Records from a data collection

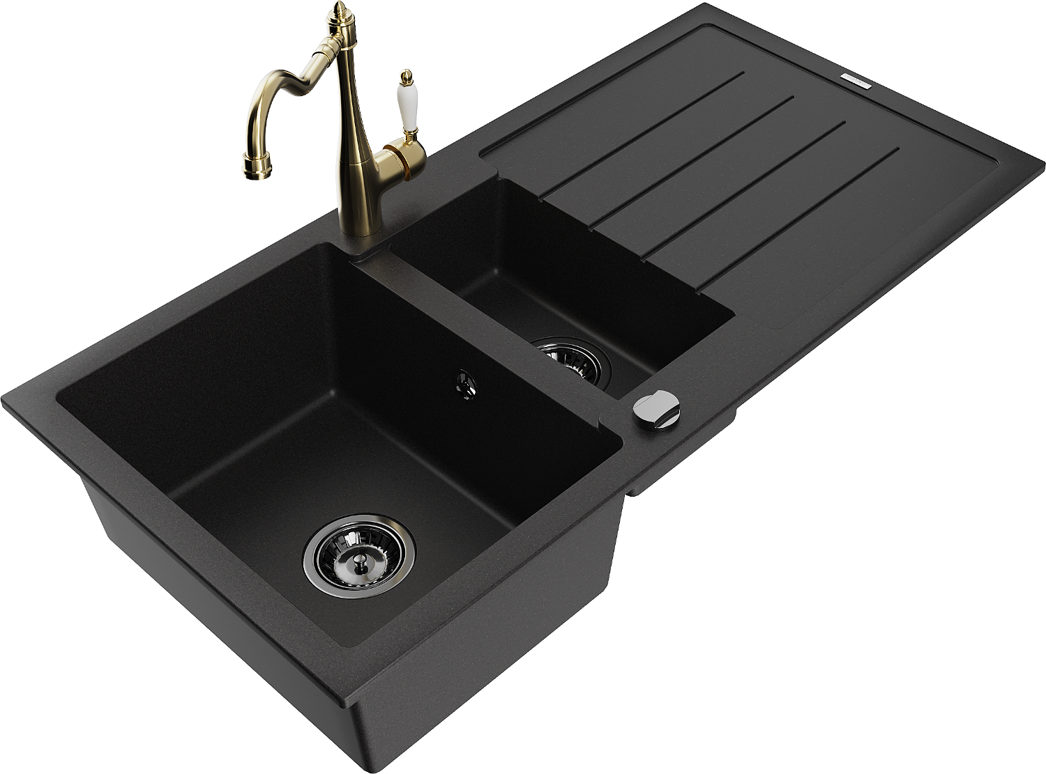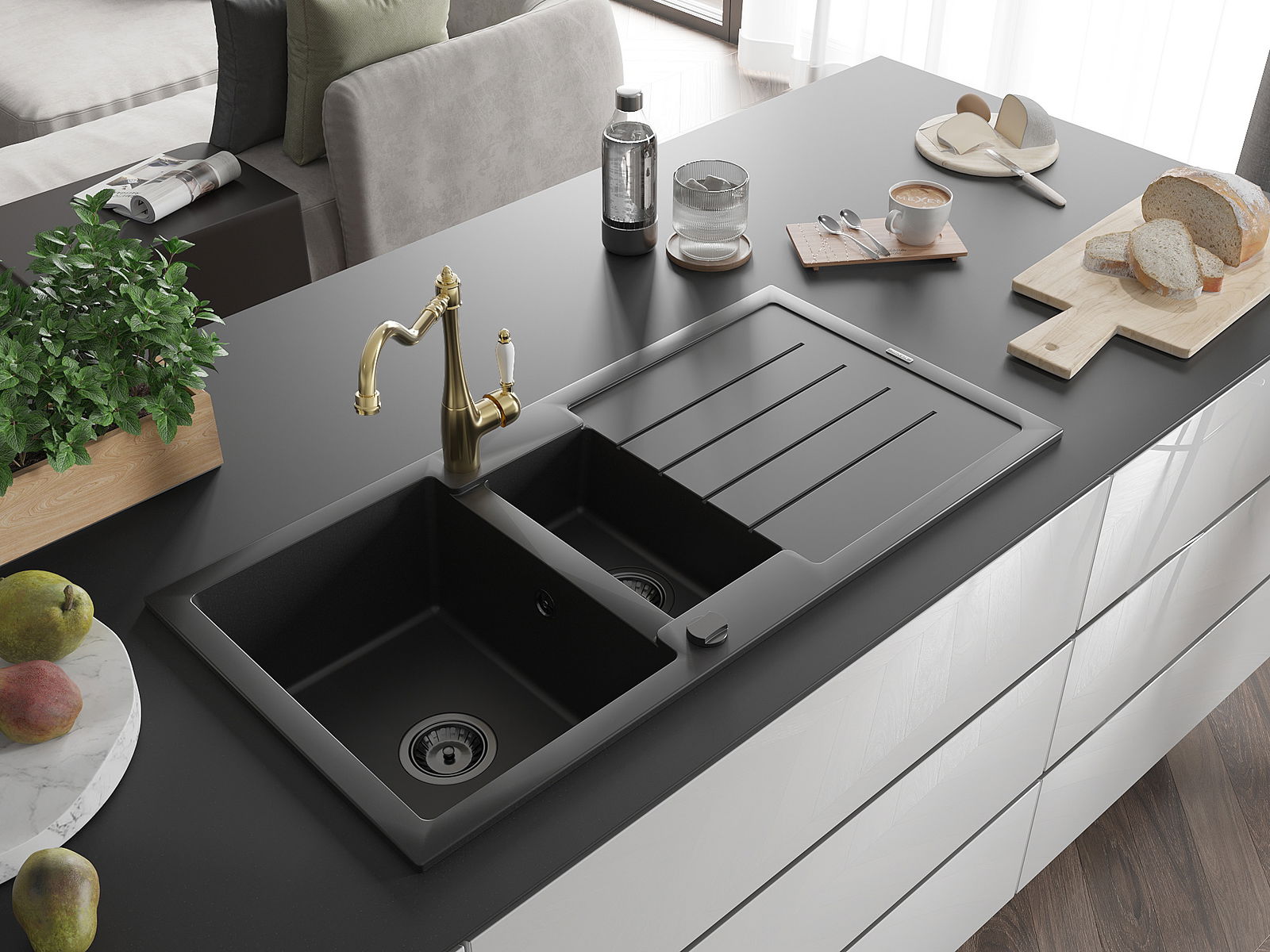 A mosogató magas minőségű gránitból készült. Elegáns, de mindenekelőtt praktikus kiegészítője minden konyhának, függetlenül annak stílusától. A gránit magas minősége és tartóssága hosszú távú használatot biztosít.
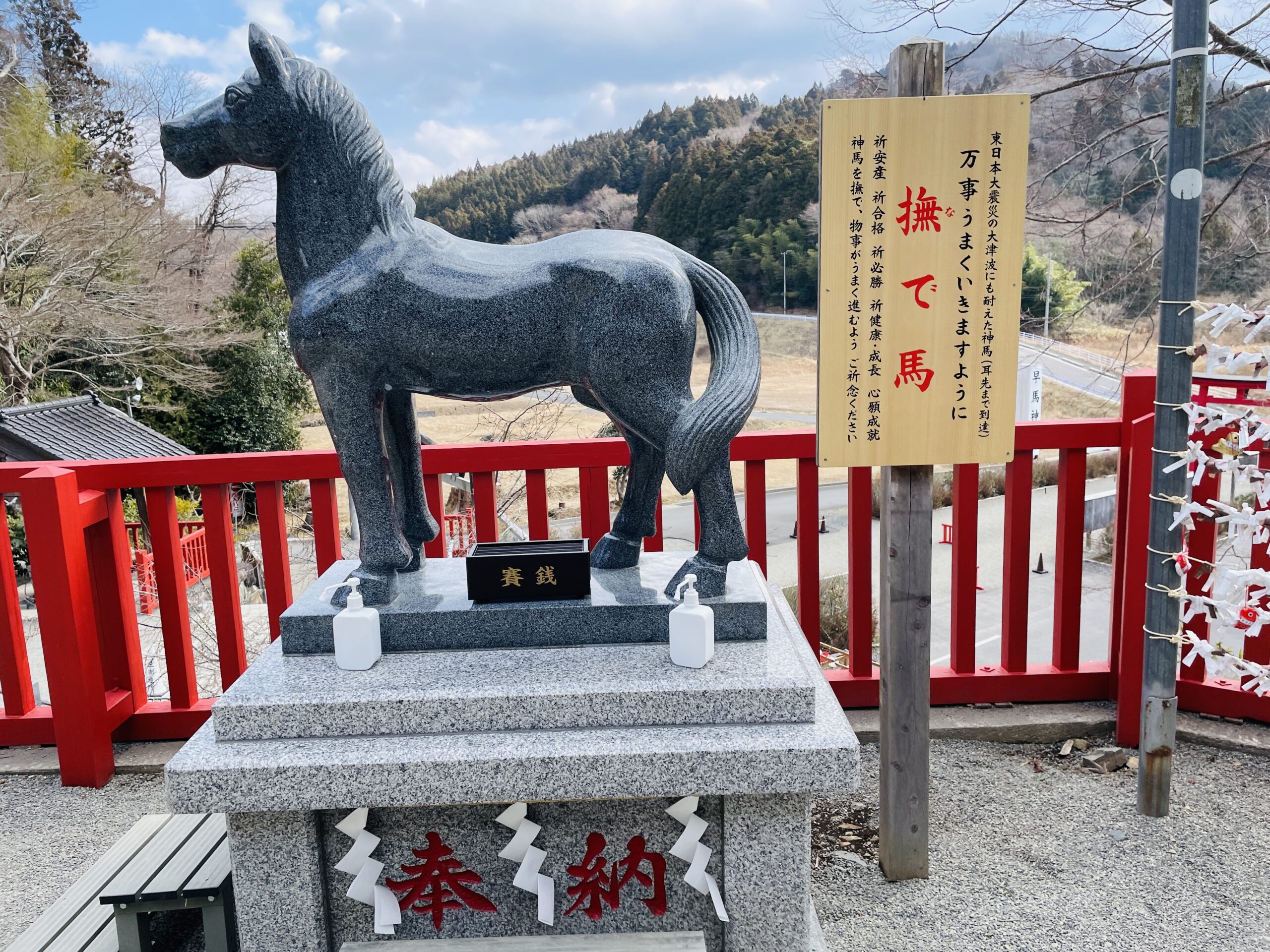 ■ 「すべて馬く行く」撫で馬にリハビリの願いを 境内には、自分の体の気になるところを擦ると良くなると言われる「撫で馬」の石像があります。 私の場合、脳のダメージで左半身が動かしにくいため、石像の頭と左半身を念入りになでなでしてきました。
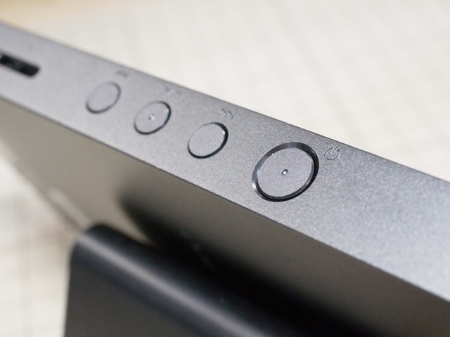 XDP-100Rの基本ボタン周りの処理。少し大きめのボタンで、電源ボタンは少しだけ凹ませて設置
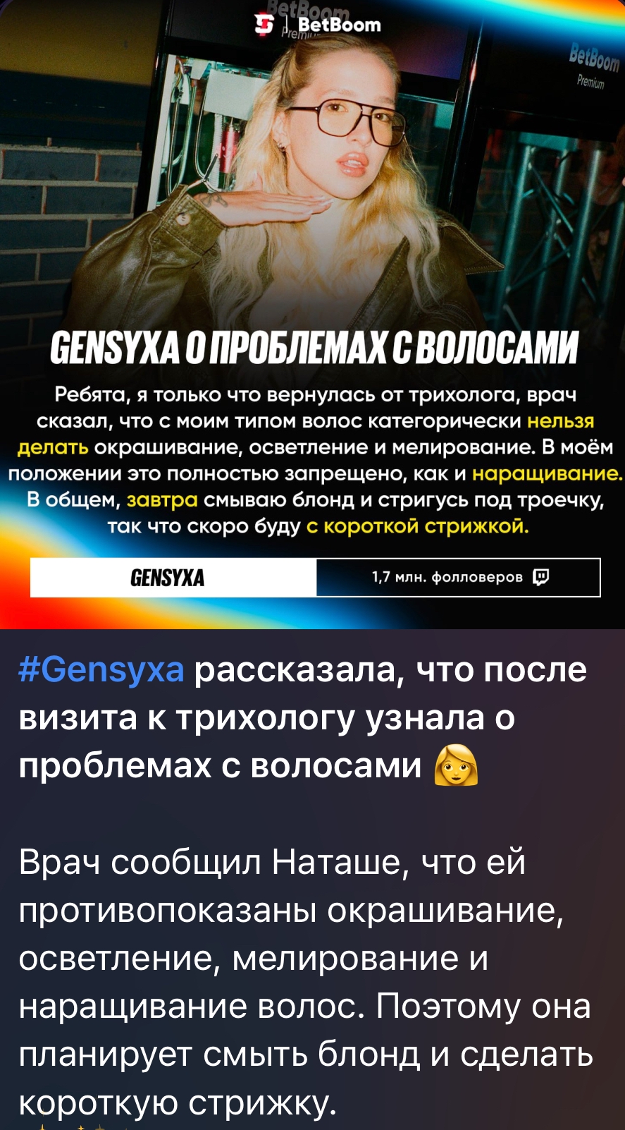 Бля, я так и не понял, ей реально придётся снять эти длинные нарощенные волосы и подстричься покороче, чтобы с волосами не стало хуже?
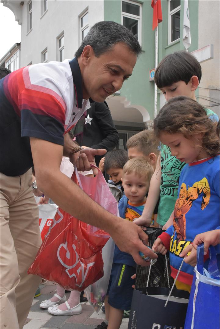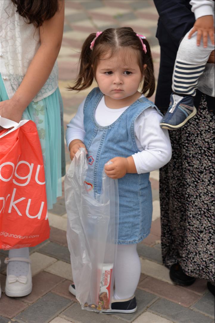 Türkmen, “İki yıldır buradayım ve bu adete şahit oluyorum. Çocuklarla beraber onların heyecanını yaşıyorum. Sıraya giren her çocuğun elindeki poşetlere çikolata ve şeker bırakıyoruz. Bende iki çocuğumla birlikte geldim, açıkçası haftalardır bunu bekliyorduk.” diye konuştu.

→ **Work required**: Output every entry verbatim but skip the pictures.

→ **Answer to this task**:
 A mosogató magas minőségű gránitból készült. Elegáns, de mindenekelőtt praktikus kiegészítője minden konyhának, függetlenül annak stílusától. A gránit magas minősége és tartóssága hosszú távú használatot biztosít.
 ■ 「すべて馬く行く」撫で馬にリハビリの願いを 境内には、自分の体の気になるところを擦ると良くなると言われる「撫で馬」の石像があります。 私の場合、脳のダメージで左半身が動かしにくいため、石像の頭と左半身を念入りになでなでしてきました。
 XDP-100Rの基本ボタン周りの処理。少し大きめのボタンで、電源ボタンは少しだけ凹ませて設置
 Бля, я так и не понял, ей реально придётся снять эти длинные нарощенные волосы и подстричься покороче, чтобы с волосами не стало хуже?
 Türkmen, “İki yıldır buradayım ve bu adete şahit oluyorum. Çocuklarla beraber onların heyecanını yaşıyorum. Sıraya giren her çocuğun elindeki poşetlere çikolata ve şeker bırakıyoruz. Bende iki çocuğumla birlikte geldim, açıkçası haftalardır bunu bekliyorduk.” diye konuştu.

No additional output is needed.